Find the maximum or minimum of the following quadratic function: y = x2 - x - 56.
A. -56
B. 56
C. -225/4
D. 225/4
d
1. y=x2 - 16
for maximum or minumum, dy/dx=0
hence 2x=0 or x=0
minimum value of function occurs when x=0 which is y=-16
2.using same principle as above,
dy/dx=10x+5
when dy/dx=0 => 10x+5=0 => x=-1/2
minimum value of y= -5/4 - 5/2 + 11
for 3, 4 and 5 use the same principle as 1 and 2
max: infinity (at x=inf)
min: x=1/2, y= you figure it. check sign.
Not sure if you know Calculus, as done by Me
so let's complete the square
y = x^2 - x - 56
= x^2 - x + 1/4 - 1/4 - 56
= (x- 1/2)^2 - 225/4
so we have a min of -225/4 , when x = 1/2
(min because the parabola opens upwards)
To find the maximum or minimum of a quadratic function, you need to recognize that it is in the form of "y = ax^2 + bx + c," where "a," "b," and "c" are coefficients.

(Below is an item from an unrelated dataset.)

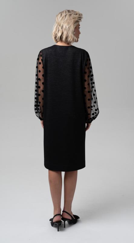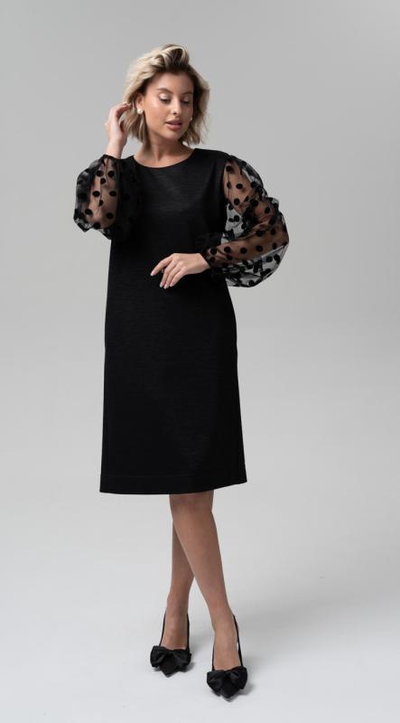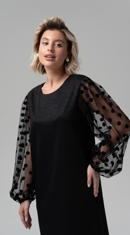 Комбинированное платье прямого силуэта с фантазийными рукавами из трикотажного полотна в сочетании с сеткой - поможет создать стильный и запоминающийся образ. Вертикальные рельефы с карманами - зрительно вытягивают силуэт и добавляют актуальности.

In this case, the quadratic function is y = x^2 - x - 56. We can identify that "a" is 1, "b" is -1, and "c" is -56.
To find the maximum or minimum, we can use the formula x = -b / 2a, which gives you the x-coordinate of the vertex of the quadratic function.
In this case, the formula becomes x = -(-1) / (2 * 1) = 1/2.
Next, substitute this x-coordinate back into the original equation to find the y-coordinate of the vertex:
y = (1/2)^2 - (1/2) - 56
y = 1/4 - 1/2 - 56
y = -7/4
Thus, the coordinates of the vertex are (1/2, -7/4).
To determine if the vertex is a maximum or minimum, we need to look at the coefficient of "a." Since "a" is positive (1 in this case), the parabola opens upwards, and the vertex represents a minimum point.
Therefore, the minimum value of the quadratic function y = x^2 - x - 56 is -7/4, which corresponds to option D, 225/4.